Source records:
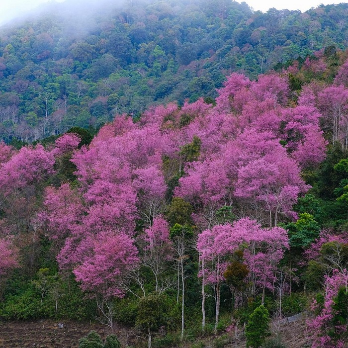 C'est dans la province de Hà Giang, plus précisément sur le plateau calcaire de Dông Van, que les cerisiers fleurissent le plus tard au Vietnam, généralement en février, voire parfois en mars. Alors qu'en fin d'année, d'octobre à décembre, Hà Giang est connu comme le royaume des fleurs de sarrasin, au printemps, il se transforme en un véritable paradis des cerisiers en fleurs. En effet, on peut observer ces magnifiques fleurs un peu partout, que ce soit dans les jardins des maisons ou dans les montagnes environnantes.
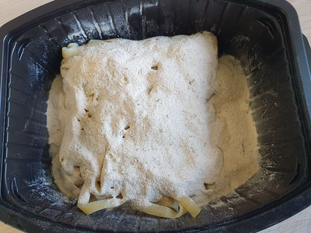 면에 요리수를 붓고 큰 가루를 부은 사진.. 이게...파스타가 된다고...??;;했는데...
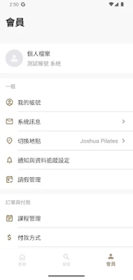 首頁:一目了然的介面讓您即時查看近期的預約課程,並隨時查看場館發佈的重要消息。
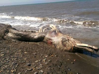 俄罗斯远东库页岛海岸惊现巨形有毛“海怪
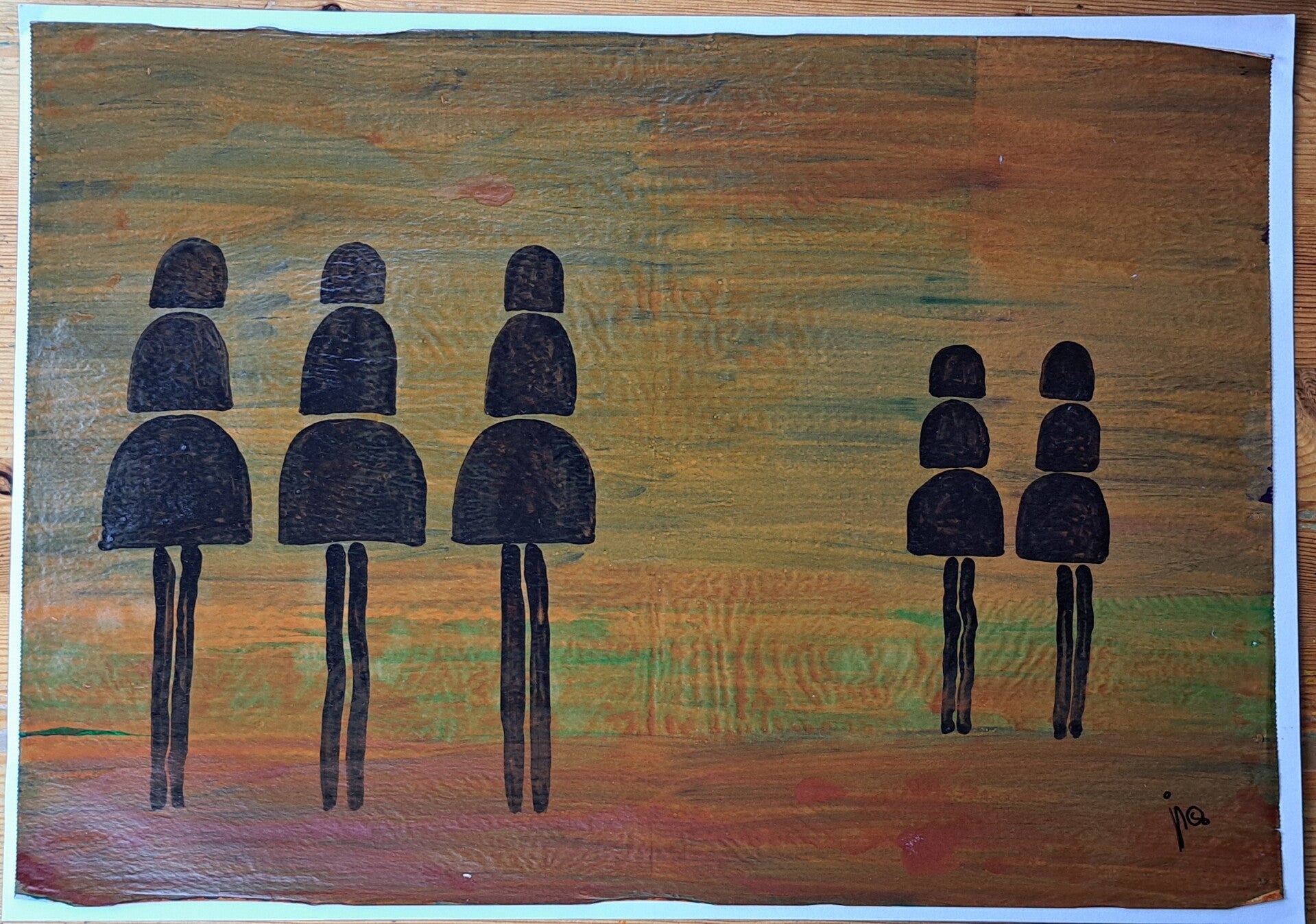 Achtergrond informatie: Inkt geschilderd op gebruikt krantenpapier (dubbele pagina Volkskrant 12 juni 2021): formaat ca.40x57 cm. De letters, tekeningen en/of foto's van de krant schemeren door de inkt, dit geeft een unieke betekenislaag die meer of minder het uiteindelijke beeld bepaalt. De schildering is mede bepaald door de gedrukte indeling, vorm en/of inhoud van de krant.
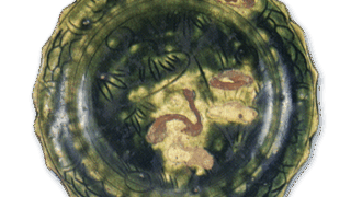 口頸部をしぼったこの形態のものは通常、壺と呼び慣わしていますが、さきの嘉元四年銘のものと同形であり、銘文に 「か免」 と記されている以上、甕形態として扱うべきでしょう。この形態は本来、須恵器の甕に由来するものであり、中形甕の系譜をひくものでしょう。鉄分の多い、きめの細かい土を用いており、赤褐色の肌に越前特有の黄緑釉が薄くかかっています。肩に二箇所、四条の櫛目で描いた十字文様の刻文が施されていますが、単なる窯印というよりは装飾的効果を意識しているように思われます。口縁端部1.3cmの縁帯の内側はいわゆる樋口になっており、肩の張りや胴下半の形状からみて、13世紀後半に遡るものでしょう。底裏に下駄印を有します。
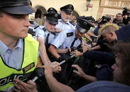 Demonstrators try to remove a police barricade during an anti-US protest in Prague June 4, 2007. Hundreds of Czechs protested peacefully on Monday against US plans for a missile defence shield, rallying near Prague's historic castle hours before US President George W. Bush was due to arrive in the capital. [Reuters]
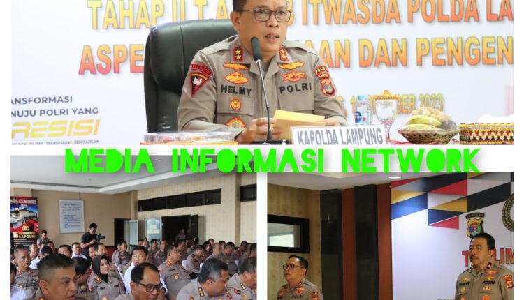 Bandar Lampung (MIN) – Kapolda Lampung Irjen Pol Helmy Santika dan Wakapolda Lampung Brigjen Pol Umar Effendi mengikuti kegiatan Taklimat Awal Audit Kinerja Itwasda Polda Lampung Tahap II TA. 2023 Tentang Aspek Pelaksanaan dan Pengendalian di Mapolresta Bandar Lampung, Senin (16/10/2023).
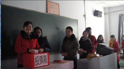 大会由杨朝霞老师主持,首先让学生会成员清点了到场人数,然后由朱颖老师宣读《选民直接选举人大代表选举办法(草案)》及公布了总监票人、监票人、总计票人、计票人。举手表决,通过此选举办法及人员分工。检查完票箱后,开始发票、写票。最后,全体师生投出自己慎重的一票,以1060赞成票一致推选我校副校长刘广耀同志为人大代表。(工商管理学院)

• Task to carry out:
Your answer must contain the full data, repeated exactly, without pictures.

• Response to this exercise:
 C'est dans la province de Hà Giang, plus précisément sur le plateau calcaire de Dông Van, que les cerisiers fleurissent le plus tard au Vietnam, généralement en février, voire parfois en mars. Alors qu'en fin d'année, d'octobre à décembre, Hà Giang est connu comme le royaume des fleurs de sarrasin, au printemps, il se transforme en un véritable paradis des cerisiers en fleurs. En effet, on peut observer ces magnifiques fleurs un peu partout, que ce soit dans les jardins des maisons ou dans les montagnes environnantes.
 면에 요리수를 붓고 큰 가루를 부은 사진.. 이게...파스타가 된다고...??;;했는데...
 首頁:一目了然的介面讓您即時查看近期的預約課程,並隨時查看場館發佈的重要消息。
 俄罗斯远东库页岛海岸惊现巨形有毛“海怪
 Achtergrond informatie: Inkt geschilderd op gebruikt krantenpapier (dubbele pagina Volkskrant 12 juni 2021): formaat ca.40x57 cm. De letters, tekeningen en/of foto's van de krant schemeren door de inkt, dit geeft een unieke betekenislaag die meer of minder het uiteindelijke beeld bepaalt. De schildering is mede bepaald door de gedrukte indeling, vorm en/of inhoud van de krant.
 口頸部をしぼったこの形態のものは通常、壺と呼び慣わしていますが、さきの嘉元四年銘のものと同形であり、銘文に 「か免」 と記されている以上、甕形態として扱うべきでしょう。この形態は本来、須恵器の甕に由来するものであり、中形甕の系譜をひくものでしょう。鉄分の多い、きめの細かい土を用いており、赤褐色の肌に越前特有の黄緑釉が薄くかかっています。肩に二箇所、四条の櫛目で描いた十字文様の刻文が施されていますが、単なる窯印というよりは装飾的効果を意識しているように思われます。口縁端部1.3cmの縁帯の内側はいわゆる樋口になっており、肩の張りや胴下半の形状からみて、13世紀後半に遡るものでしょう。底裏に下駄印を有します。
 Demonstrators try to remove a police barricade during an anti-US protest in Prague June 4, 2007. Hundreds of Czechs protested peacefully on Monday against US plans for a missile defence shield, rallying near Prague's historic castle hours before US President George W. Bush was due to arrive in the capital. [Reuters]
 Bandar Lampung (MIN) – Kapolda Lampung Irjen Pol Helmy Santika dan Wakapolda Lampung Brigjen Pol Umar Effendi mengikuti kegiatan Taklimat Awal Audit Kinerja Itwasda Polda Lampung Tahap II TA. 2023 Tentang Aspek Pelaksanaan dan Pengendalian di Mapolresta Bandar Lampung, Senin (16/10/2023).
 大会由杨朝霞老师主持,首先让学生会成员清点了到场人数,然后由朱颖老师宣读《选民直接选举人大代表选举办法(草案)》及公布了总监票人、监票人、总计票人、计票人。举手表决,通过此选举办法及人员分工。检查完票箱后,开始发票、写票。最后,全体师生投出自己慎重的一票,以1060赞成票一致推选我校副校长刘广耀同志为人大代表。(工商管理学院)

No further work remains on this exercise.